To do
When the listing below reaches the line that has "รายงานสถานการณ", start reproducing exactly; stop after the line that has "贵族等级:v8皮肤数:277传说品质27 生肖限定4 情人节限定2", and drop the pictures.

Records provided
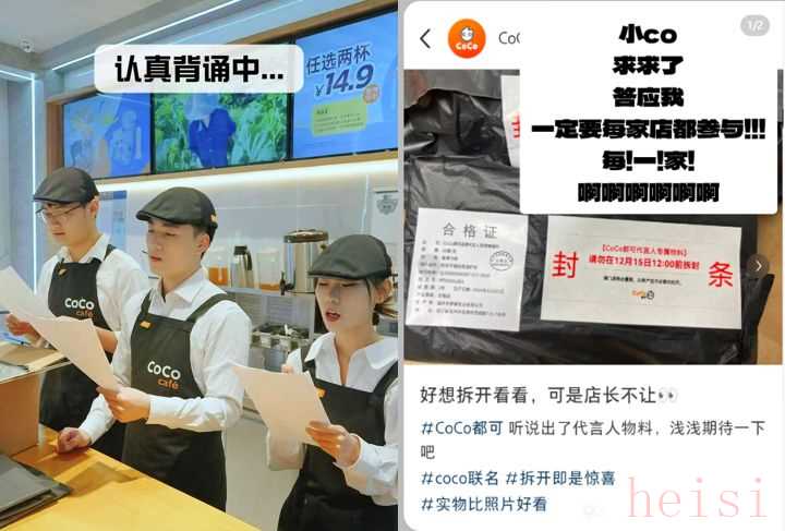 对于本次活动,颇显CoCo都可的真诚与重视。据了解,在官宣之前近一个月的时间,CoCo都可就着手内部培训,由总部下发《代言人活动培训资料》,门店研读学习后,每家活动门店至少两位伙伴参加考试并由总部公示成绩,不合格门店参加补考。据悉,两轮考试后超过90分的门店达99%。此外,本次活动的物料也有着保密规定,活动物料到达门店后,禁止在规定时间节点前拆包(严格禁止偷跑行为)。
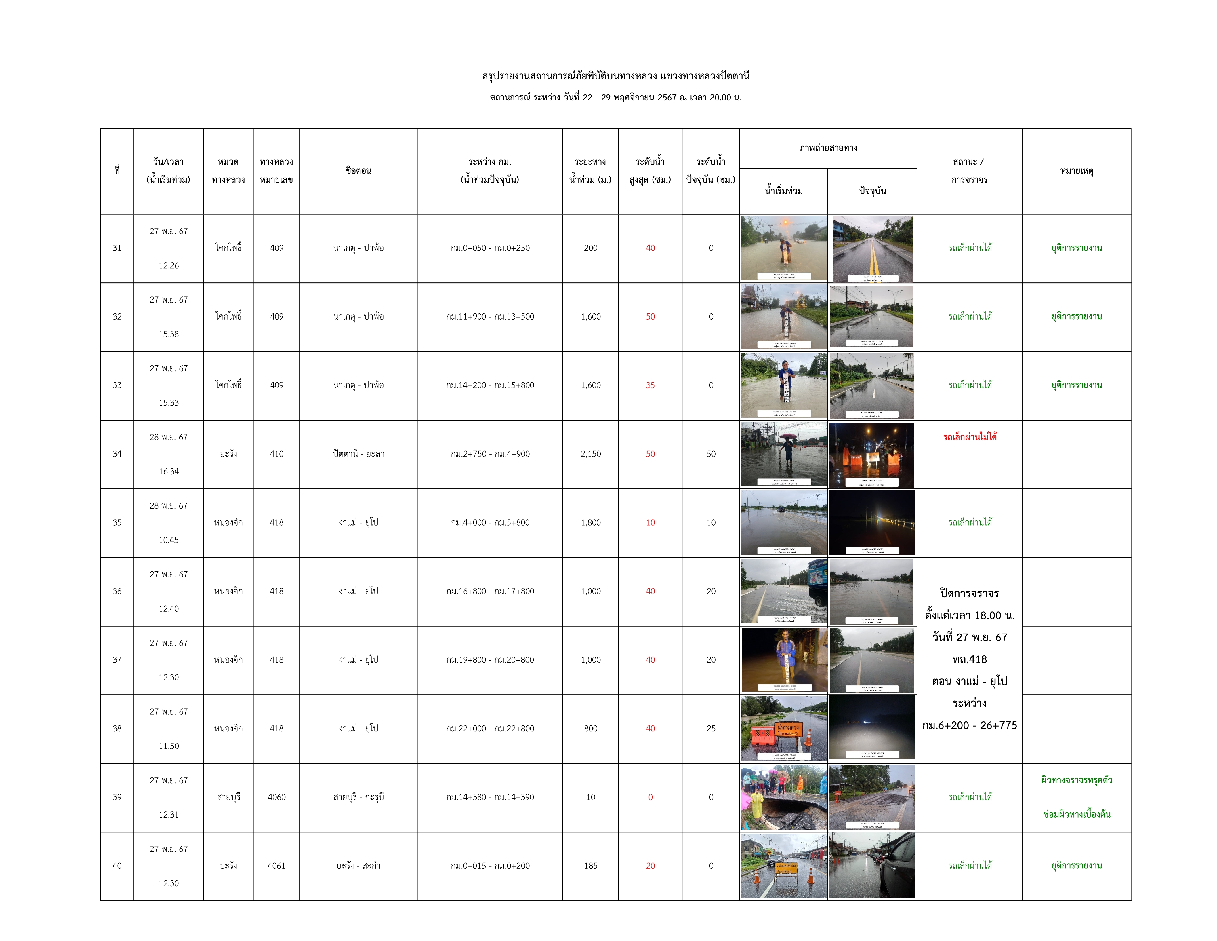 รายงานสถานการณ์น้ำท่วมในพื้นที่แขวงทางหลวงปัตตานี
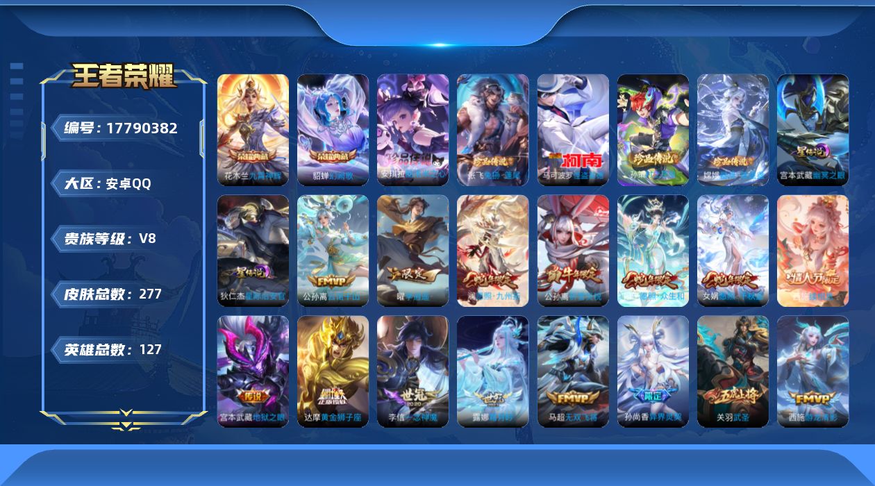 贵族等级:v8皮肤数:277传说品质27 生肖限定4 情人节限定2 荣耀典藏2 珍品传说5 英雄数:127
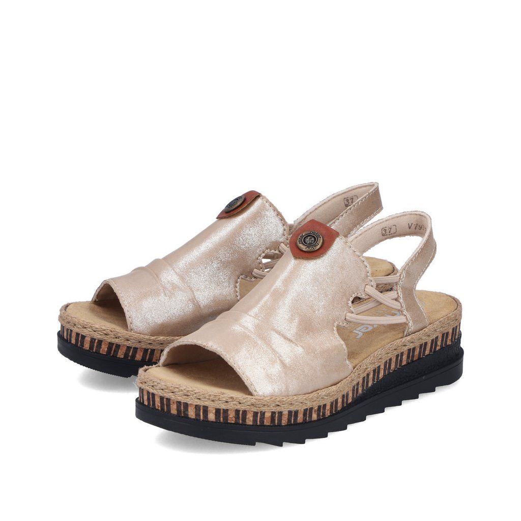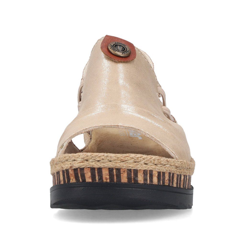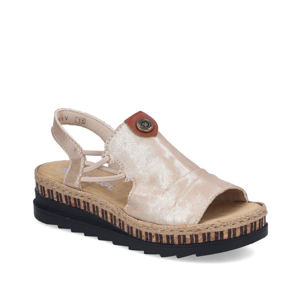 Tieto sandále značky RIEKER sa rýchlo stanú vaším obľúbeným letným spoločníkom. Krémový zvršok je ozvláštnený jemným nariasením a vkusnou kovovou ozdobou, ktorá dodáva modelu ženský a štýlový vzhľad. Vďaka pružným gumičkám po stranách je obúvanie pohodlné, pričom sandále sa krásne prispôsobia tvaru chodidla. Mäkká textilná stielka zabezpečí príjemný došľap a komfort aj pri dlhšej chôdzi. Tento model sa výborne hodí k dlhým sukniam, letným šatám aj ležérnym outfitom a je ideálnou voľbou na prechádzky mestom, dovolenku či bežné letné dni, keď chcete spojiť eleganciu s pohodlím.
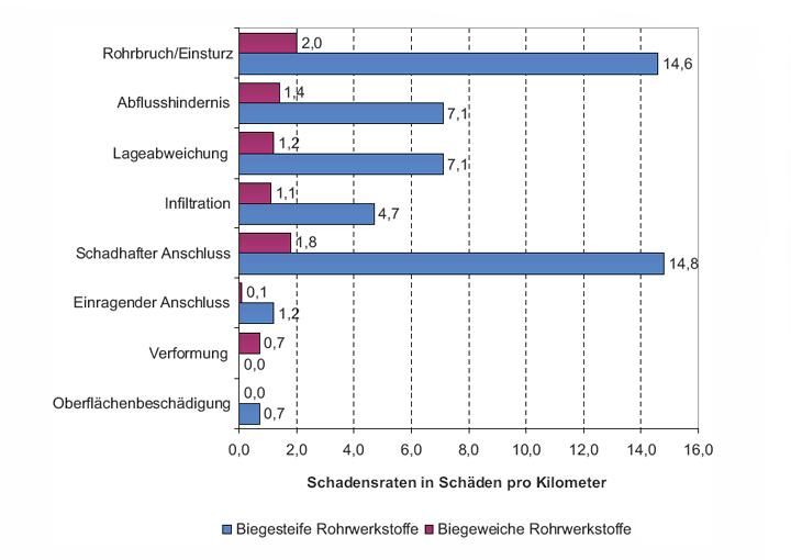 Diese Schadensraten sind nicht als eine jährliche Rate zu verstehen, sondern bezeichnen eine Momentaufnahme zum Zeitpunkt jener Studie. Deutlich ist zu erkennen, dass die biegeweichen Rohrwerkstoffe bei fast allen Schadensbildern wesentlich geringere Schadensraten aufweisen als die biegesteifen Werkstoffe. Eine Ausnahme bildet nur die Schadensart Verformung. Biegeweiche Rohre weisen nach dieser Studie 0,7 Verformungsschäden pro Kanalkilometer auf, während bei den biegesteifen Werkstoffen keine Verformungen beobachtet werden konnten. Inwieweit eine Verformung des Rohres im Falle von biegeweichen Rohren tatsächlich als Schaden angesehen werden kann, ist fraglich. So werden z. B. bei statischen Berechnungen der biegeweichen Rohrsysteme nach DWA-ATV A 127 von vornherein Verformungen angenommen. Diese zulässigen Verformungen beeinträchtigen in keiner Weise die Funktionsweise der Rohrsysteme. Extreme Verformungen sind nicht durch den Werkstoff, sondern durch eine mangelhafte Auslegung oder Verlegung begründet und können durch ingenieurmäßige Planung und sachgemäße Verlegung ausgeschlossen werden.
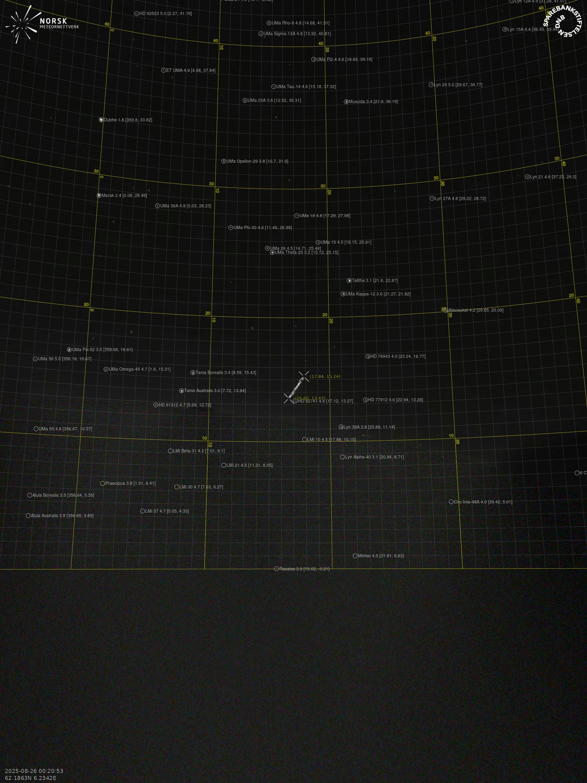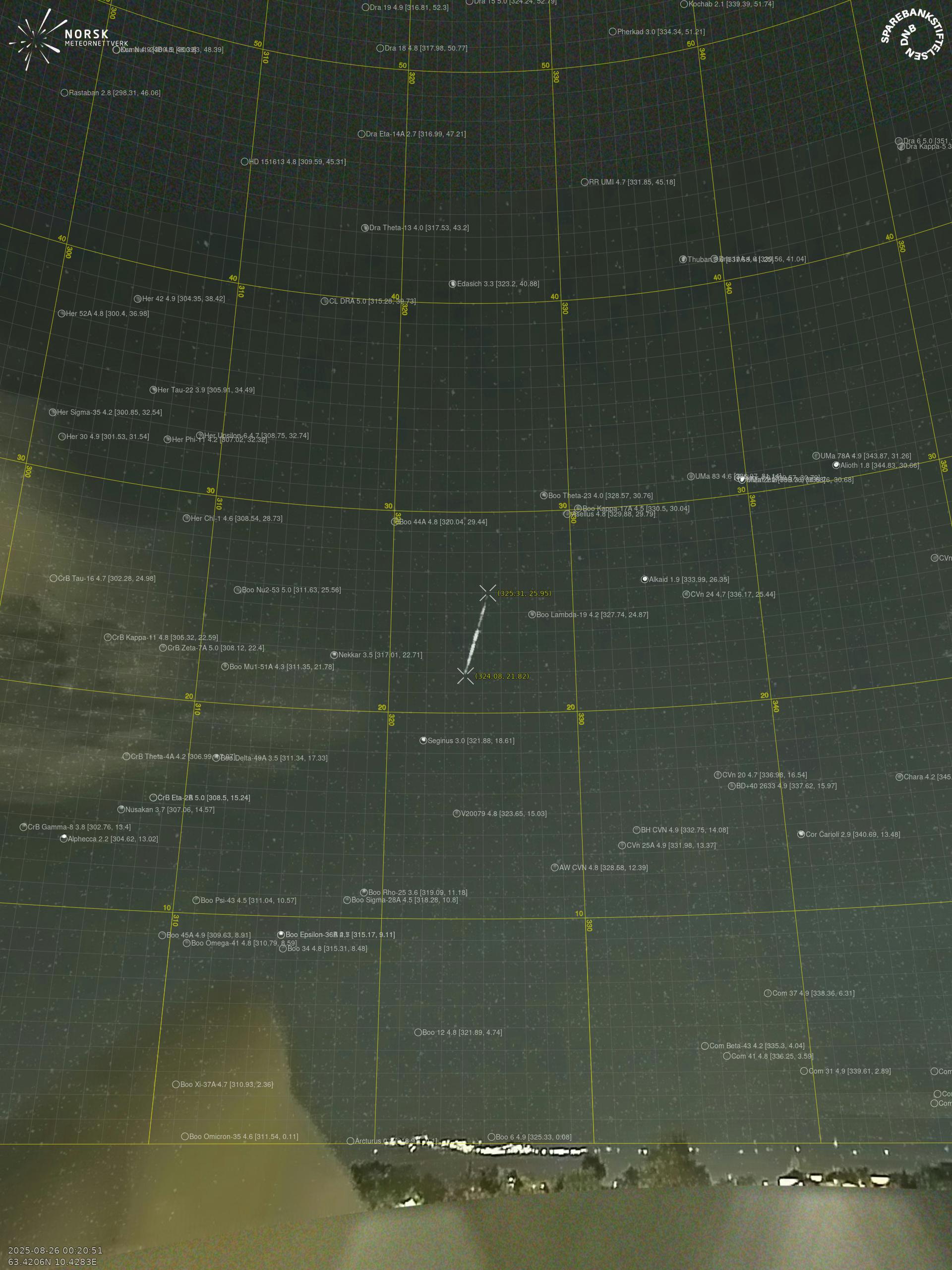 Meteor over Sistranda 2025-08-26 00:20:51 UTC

Answer section
 รายงานสถานการณ์น้ำท่วมในพื้นที่แขวงทางหลวงปัตตานี
 贵族等级:v8皮肤数:277传说品质27 生肖限定4 情人节限定2 荣耀典藏2 珍品传说5 英雄数:127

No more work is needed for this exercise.